Katherine Barkman and Gian Carlo Perez in Orpheus. Photo by Gilles Delellio

Genshaft explores the myth of Orpheus and Eurydice in a cinematic work for 14 dancers. A light narrative follows the central figure of Orpheus as he revisits the painful moment he definitely loses Eurydice to the underworld. The ballet is a metaphor for the universal message of finding one’s way from darkness back to light.

Reflecting on her inspiration, Genshaft says, “I thought about that limbo space, the one which we occupy in our own psyche, and what it takes to personally overcome trauma… to come to the decision to move on.

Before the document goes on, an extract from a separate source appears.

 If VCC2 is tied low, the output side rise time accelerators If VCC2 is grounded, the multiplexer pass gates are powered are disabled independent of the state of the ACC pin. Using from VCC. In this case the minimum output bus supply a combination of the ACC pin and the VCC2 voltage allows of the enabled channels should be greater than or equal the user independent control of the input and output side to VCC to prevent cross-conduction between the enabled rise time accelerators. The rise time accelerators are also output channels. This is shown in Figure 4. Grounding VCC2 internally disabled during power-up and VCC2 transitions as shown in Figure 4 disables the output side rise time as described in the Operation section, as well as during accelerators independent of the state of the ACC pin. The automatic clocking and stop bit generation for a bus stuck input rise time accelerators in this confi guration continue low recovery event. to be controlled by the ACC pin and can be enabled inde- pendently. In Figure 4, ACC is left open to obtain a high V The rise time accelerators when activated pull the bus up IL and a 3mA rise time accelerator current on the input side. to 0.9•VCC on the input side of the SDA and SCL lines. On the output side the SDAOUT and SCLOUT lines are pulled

The extraordinary process that brings us closer to reconciliation. The story of Orpheus to me is very human: he is a man that lost faith, and made a mistake.”

Filmed against a dark backdrop that contrasts with stark lighting by Joseph Walls, and airy costuming by Mario Lopez, Orpheus features an original score by San Francisco-based composer Kamran Adib that melds La Femme “Vagues” and Radiohead’s “Pyramid Song.” The 16-minute piece takes inspiration from the ocean and draws on classical technique as well as more contemporary movement language to advance the narrative as the characters move from darkness to light.

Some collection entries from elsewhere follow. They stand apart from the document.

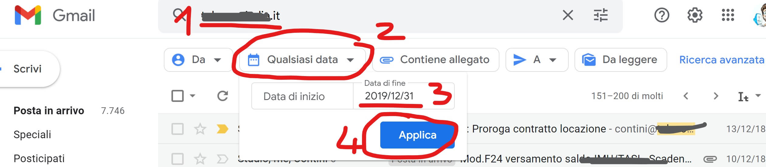 Si può poi effettuare filtraggi di altro tipo secondo la propria sensibilità, ad esempio quelli sulla data (dal momento che probabilmente le mail più vecchie possono risultare di minore interesse rispetto a quelle più recenti – e.g. degli ultimi anni) o effettuando una ricerca avanzata indicando, ad esempio anche più di un mittente:
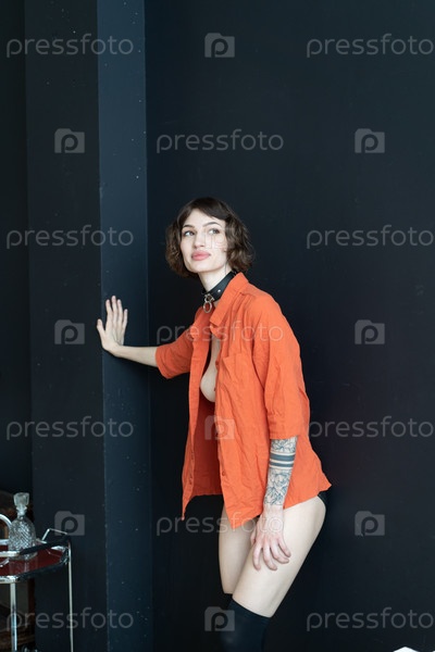 Молодая красивая женщина позирует в оранжевой рубашке в студии
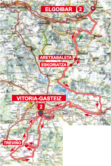 La 2ª etapa es la más larga de toda la prueba, con 170 km entre Elgoibar y Vitoria-Gasteiz, incluyendo 2 puertos bastante duros en los primeros 50 km km y varias ascensiones mas tendidas en la parte final, con el Alto de Zaldiaran a 9 km de la llegada en la capital alavesa.
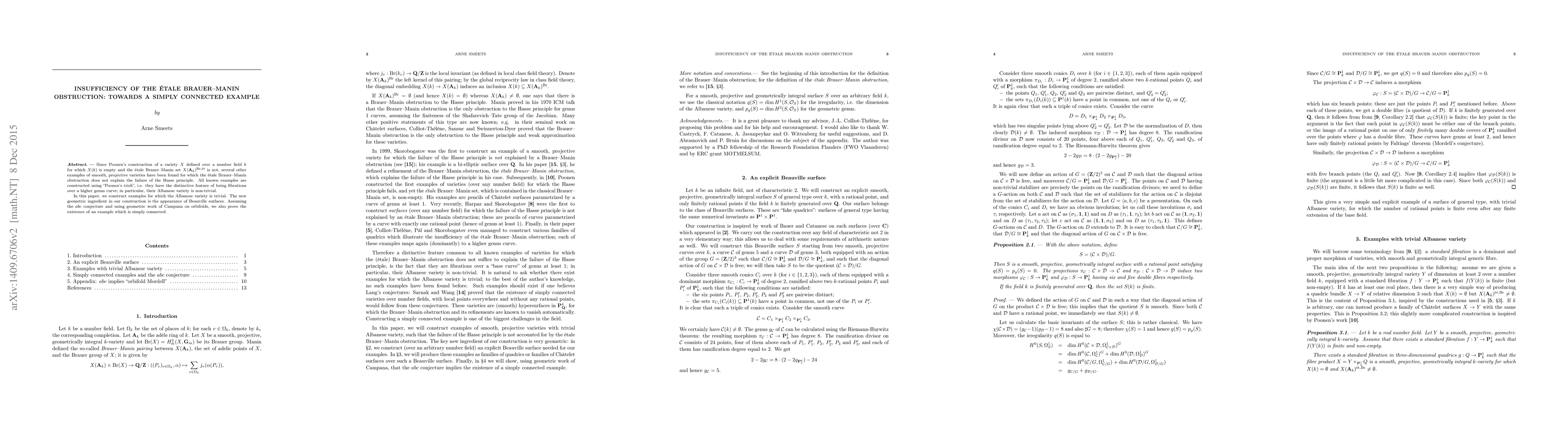 Since Poonen's construction of a variety $X$ defined over a number field $k$ for which $X(k)$ is empty and the \'etale Brauer--Manin set $X(\mathbf{A}_k)^\text{Br,et}$ is not, several other examples of smooth, projective varieties have been found for which the \'etale Brauer--Manin obstruction does not explain the failure of the Hasse principle. All known examples are constructed using "Poonen's trick", i.e. they have the distinctive feature of being fibrations over a higher genus curve; in particular, their Albanese variety is non-trivial. In this paper, we construct examples for which the Albanese variety is trivial. The new geometric ingredient in our construction is the appearance of Beauville surfaces. Assuming the $abc$ conjecture and using geometric work of Campana on orbifolds, we also prove the existence of an example which is simply connected.
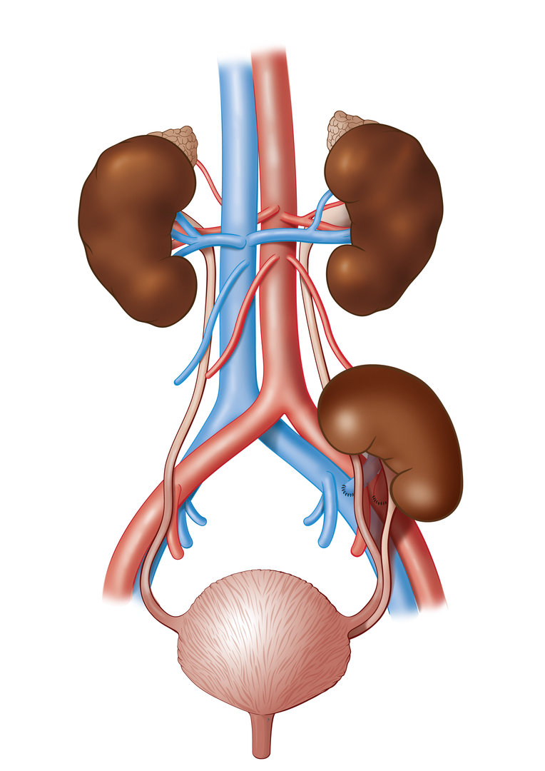 - De plasbuis (ureter) van de donornier wordt op de blaas gehecht.

Just as Balanchine took on the Orpheus story in the wake of World War II, Genshaft’s work is of-the-moment, created against the backdrop of a global pandemic and with all the strictures of social distancing. “Loss of faith, hope… these are feelings we are holding onto this past year. Frustration, rage, and disappointment are brewing… I wanted to create something that reached out of the dark place to uplift. This is a COVID piece, but with boundaries, there is also creative opportunity.”

liminal by Stanton Welch

Choreographer: Stanton Welch

Internationally acclaimed choreographer Stanton Welch (Artistic Director, Houston Ballet) makes his Washington Ballet debut with liminal, premiering exclusively on the global arts streaming platform Marquee TV beginning October 2021.

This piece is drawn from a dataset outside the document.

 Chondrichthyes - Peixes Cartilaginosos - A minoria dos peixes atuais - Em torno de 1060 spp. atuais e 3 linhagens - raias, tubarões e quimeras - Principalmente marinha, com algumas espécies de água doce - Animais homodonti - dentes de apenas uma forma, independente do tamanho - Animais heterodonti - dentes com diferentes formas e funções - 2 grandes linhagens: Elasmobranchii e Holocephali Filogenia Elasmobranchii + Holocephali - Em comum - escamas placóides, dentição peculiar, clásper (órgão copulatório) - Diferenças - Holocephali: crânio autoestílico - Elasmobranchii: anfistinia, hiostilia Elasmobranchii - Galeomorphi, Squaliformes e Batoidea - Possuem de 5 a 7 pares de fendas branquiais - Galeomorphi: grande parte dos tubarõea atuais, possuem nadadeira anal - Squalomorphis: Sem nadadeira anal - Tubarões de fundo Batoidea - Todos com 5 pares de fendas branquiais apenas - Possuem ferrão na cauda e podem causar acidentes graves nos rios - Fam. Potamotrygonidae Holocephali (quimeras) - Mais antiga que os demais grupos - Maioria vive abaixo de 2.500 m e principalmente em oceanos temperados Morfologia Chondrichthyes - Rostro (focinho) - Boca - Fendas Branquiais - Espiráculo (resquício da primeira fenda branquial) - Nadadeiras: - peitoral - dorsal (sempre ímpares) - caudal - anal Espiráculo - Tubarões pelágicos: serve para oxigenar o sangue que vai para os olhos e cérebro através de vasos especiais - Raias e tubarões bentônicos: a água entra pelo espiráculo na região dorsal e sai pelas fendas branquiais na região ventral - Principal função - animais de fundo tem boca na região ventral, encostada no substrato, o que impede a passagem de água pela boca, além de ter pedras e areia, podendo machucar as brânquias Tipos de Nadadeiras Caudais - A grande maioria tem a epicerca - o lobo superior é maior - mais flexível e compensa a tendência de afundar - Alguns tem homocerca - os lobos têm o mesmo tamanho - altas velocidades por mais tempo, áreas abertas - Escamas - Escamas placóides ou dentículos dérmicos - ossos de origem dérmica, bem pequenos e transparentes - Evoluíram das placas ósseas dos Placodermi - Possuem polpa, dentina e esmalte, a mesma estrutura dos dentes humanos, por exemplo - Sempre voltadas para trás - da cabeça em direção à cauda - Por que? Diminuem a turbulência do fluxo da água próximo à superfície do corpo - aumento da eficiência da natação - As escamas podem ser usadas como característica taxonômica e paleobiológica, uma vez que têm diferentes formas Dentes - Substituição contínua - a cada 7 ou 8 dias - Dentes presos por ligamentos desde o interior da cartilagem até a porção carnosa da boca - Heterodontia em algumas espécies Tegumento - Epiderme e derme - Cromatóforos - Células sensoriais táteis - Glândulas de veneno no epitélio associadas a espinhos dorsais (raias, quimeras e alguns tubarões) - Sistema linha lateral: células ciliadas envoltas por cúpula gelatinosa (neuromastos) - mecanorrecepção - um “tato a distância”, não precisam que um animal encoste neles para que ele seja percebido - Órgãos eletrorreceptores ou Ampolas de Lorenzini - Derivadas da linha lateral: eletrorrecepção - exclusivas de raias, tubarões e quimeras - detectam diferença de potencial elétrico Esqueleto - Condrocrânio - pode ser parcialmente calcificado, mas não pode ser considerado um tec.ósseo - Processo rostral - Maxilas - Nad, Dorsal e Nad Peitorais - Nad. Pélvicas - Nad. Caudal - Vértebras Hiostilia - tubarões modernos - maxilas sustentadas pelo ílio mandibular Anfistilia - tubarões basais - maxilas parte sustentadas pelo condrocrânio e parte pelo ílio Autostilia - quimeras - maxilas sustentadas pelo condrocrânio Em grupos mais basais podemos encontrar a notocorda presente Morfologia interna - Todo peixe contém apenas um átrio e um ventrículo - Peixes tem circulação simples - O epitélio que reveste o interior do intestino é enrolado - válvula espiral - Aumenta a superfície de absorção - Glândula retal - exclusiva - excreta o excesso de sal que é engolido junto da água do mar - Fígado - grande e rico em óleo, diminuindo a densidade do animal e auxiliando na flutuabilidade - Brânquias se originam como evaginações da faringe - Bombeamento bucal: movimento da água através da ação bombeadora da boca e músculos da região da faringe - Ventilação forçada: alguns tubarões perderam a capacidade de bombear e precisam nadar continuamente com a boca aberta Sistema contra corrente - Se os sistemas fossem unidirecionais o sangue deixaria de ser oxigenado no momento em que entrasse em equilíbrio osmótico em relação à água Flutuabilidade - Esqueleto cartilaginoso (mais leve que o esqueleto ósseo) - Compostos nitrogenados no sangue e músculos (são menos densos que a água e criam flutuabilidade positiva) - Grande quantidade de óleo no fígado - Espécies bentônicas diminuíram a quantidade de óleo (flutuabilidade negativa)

In this work for 16 dancers, Stanton Welch takes inspiration from the meditative qualities of ballet practice. As the cinematic work opens, the camera, unseen, trains on dancers entering the studio, warming up to prepare for class before easing into a powerfully elegant and reflective ballet centered around the rituals of the art form–the repetition, the corrections, the giving and receiving of knowledge. The three-part, 15-minute work is set to 19th-century French composer Erik Satie’s Trois gymnopédies, among the most serene and powerfully simple works in the piano repertoire.

“The plié, the tendu, the arabesque–those are the ballet building blocks and those are what we’ve missed this past year,” reflects Welch. “Without the lights, the sets and costumes, dancers reveal themselves as individual artists and as human beings; it is poignant and beautiful in its simplicity. Trois gymnopédies celebrates ballet’s essence in a way that reminds me of a stripped-down acoustic set.”

Filmed in natural light in The Washington Ballet’s studios at THEARC, Trois gymnopédies, or Back to Basics is the seventh and final commission in TWB’s all-digital 2020/21 season.